Di Giuseppe F. Pollutri
I viaggi della disperazione (e
della vergogna)
Non fiori, ma “opere” di
bene! Pregare…, certo, ma non come atto sostitutivo del fare. Le parole di Papa
Francesco: “Signore, ti chiediamo perdono”! E’ quel che si deve, ha da essere nella coscienza collettiva, ma non
basta. Occorre dire piuttosto “basta” alle distrazioni e alle omissioni, delle
Nazioni e dei potenti della terra.
“Nel mare Mediterraneo, tra le coste africane e quelle italiane, si
registra una media di due morti al giorno negli ultimi 25 anni”!
Così - nettamente e
tranquillamente - la presentatrice televisiva nel dar notizia del “Viaggio pastorale”
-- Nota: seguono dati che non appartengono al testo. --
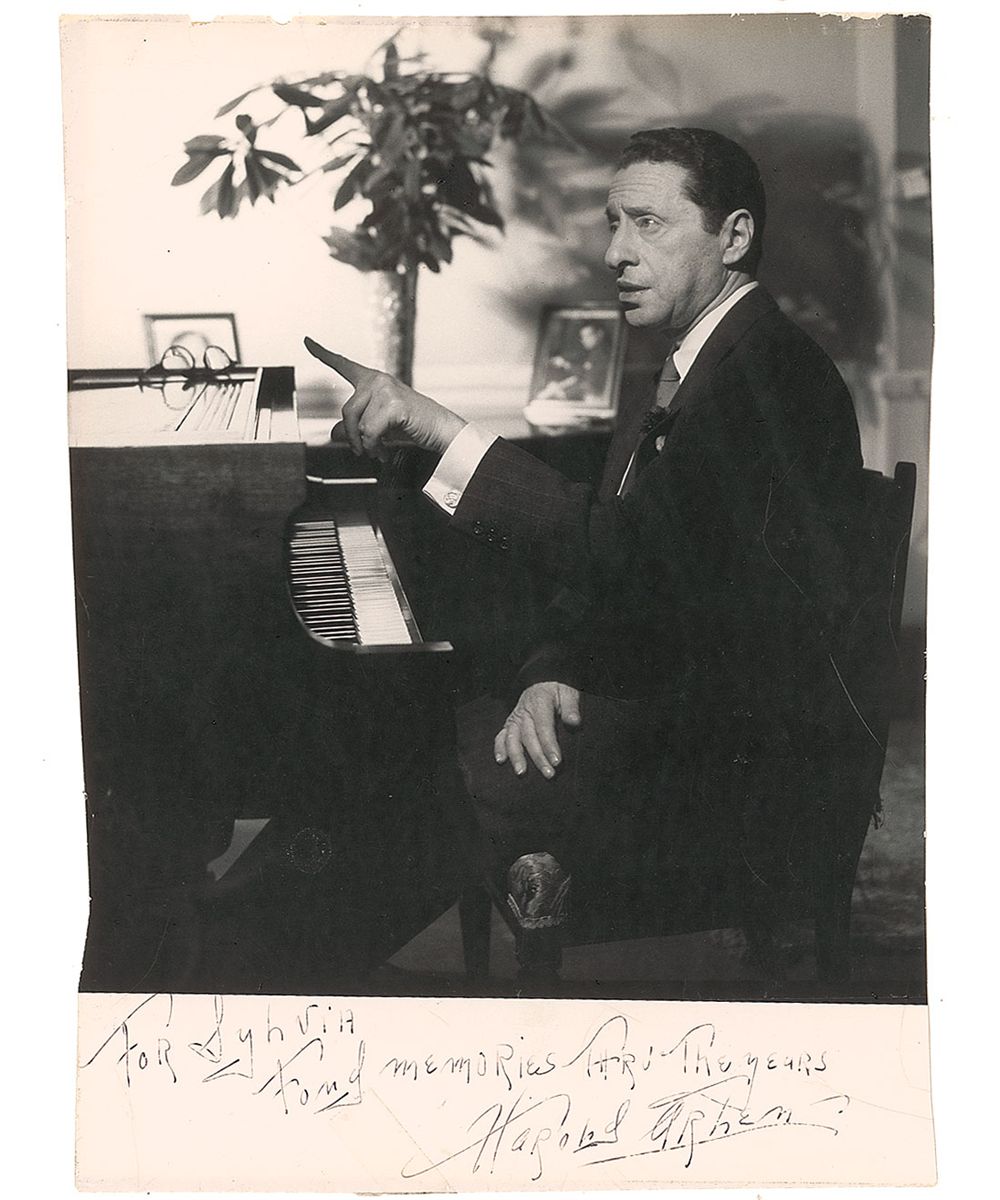 Distinguished American composer (1905–1986) best known for his songs for the film The Wizard of Oz. Vintage glossy 7.25 x 10 photo of Arlen seated at a piano, signed and inscribed in black ink “For Sylvia, fond memories thru the years, Harold Arlen.” Trimmed edges, scattered creases and surface marks, and overall irregular ink adhesion to signature and inscription, otherwise very good condition.

o “missionario” di papa Francesco a Lampedusa, principale attracco e ricovero
dei migranti, salvati vivi o recuperati in mare morti. Questo è il miserando
risultato dei cosiddetti “Viaggi della speranza” dei migranti
dall’Africa e dal Medio Oriente.
Voglio astenermi, per quanto
possibile, dal commentare ‘criticamente’ la visita del capo della cristianità
all’isola propaggine ultima d’Italia e d’Europa, volta a commiserare la
tragedia immane e, per come vanno le cose, senza fine di gente necessitata a
lasciare la propria terra ed anche i propri cari, per un futuro umanamente
dignitoso o soltanto per la sua sussistenza. Mi basta annotare, per amore della
verità e del rispetto che ad essa si deve, che per la salvezza (non solo in
mare, e non sarebbe poco) di questi disperati occorre che si faccia qualcosa
d’altro e di più. E, seppur soltanto con parole chiare e nette, che questo
avvenga piuttosto in altra sede e luogo, come il Parlamento Europeo e nel
consesso mondiale dell’ONU.
1 commento:
"...che questo avvenga piuttosto in altra sede e luogo, come il Parlamento Europeo e nel consesso mondiale dell’ONU."
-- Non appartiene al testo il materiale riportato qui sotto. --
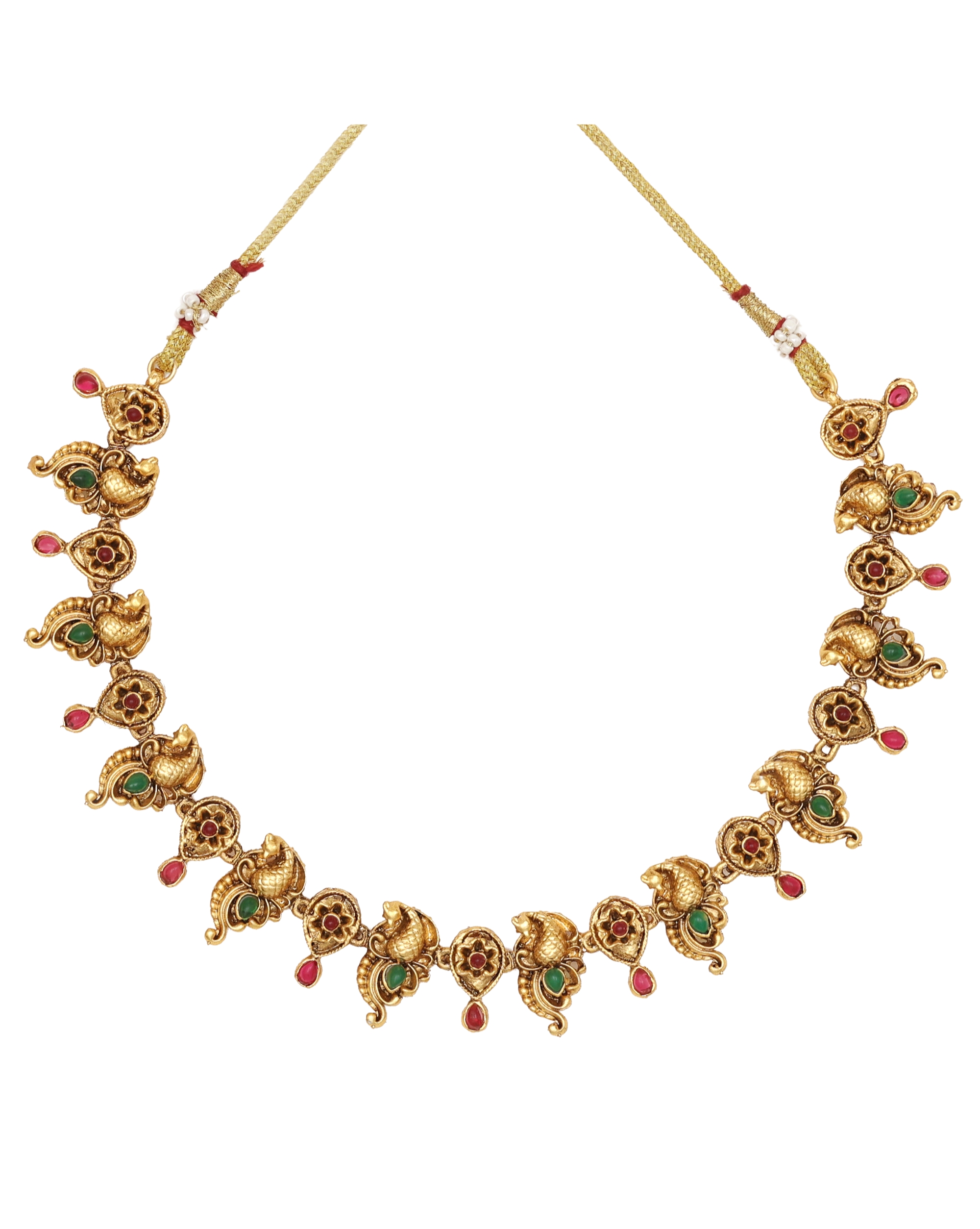 Antique Gold Necklace Set with Jhumka Earrings for Women and Girls

Troppo facile riporre delle aspettative messianiche verso quella o quell'altra istituzione, come se queste potessero risolvere il problema "motu proprio". È una scappatoia.
È da secoli che l'Africa è preda del colonialismo. Prima attraverso il controllo politico, ora attraverso quello economico. Cui prodest? Al nostro stile di vita che ci ha reso simili a delle cavallette che consumano, consumano, consumano, senza sosta. Come se questa fosse l'attività più naturale di questo mondo.
E come fare in modo che i consumi aumentino? Basta abbassare i prezzi e di conseguenza i costi della manodopera e delle materie prime. Se noi pagassimo il minerale del Congo che serve per i cellulari per il suo valore effettivo (compresi i costi di manodopera che tengano conto della dignità del lavoratore), ecco che i prezzi degli stessi lieviterebbero e ciò ridurrebbe la fetta di mercato di quel business gigantesco che sono le telecomunicazioni. Un esempio tra i tanti che si potrebbero fare.
Dovremmo cambiare il nostro stile di vita, rinunciando a tanto superfluo, e globalizzare i diritti, per cambiare veramente rotta.
Purtroppo la tendenza è di segno opposto: continuare a sfruttare i Paesi africani e rimanere con la "pancia piena".
Ecco perché non basterebbero gli interventi di ONU e UE. Gli interessi in gioco sono troppo forti.
E gli sbarchi nel corso degli anni non potranno che aumentare.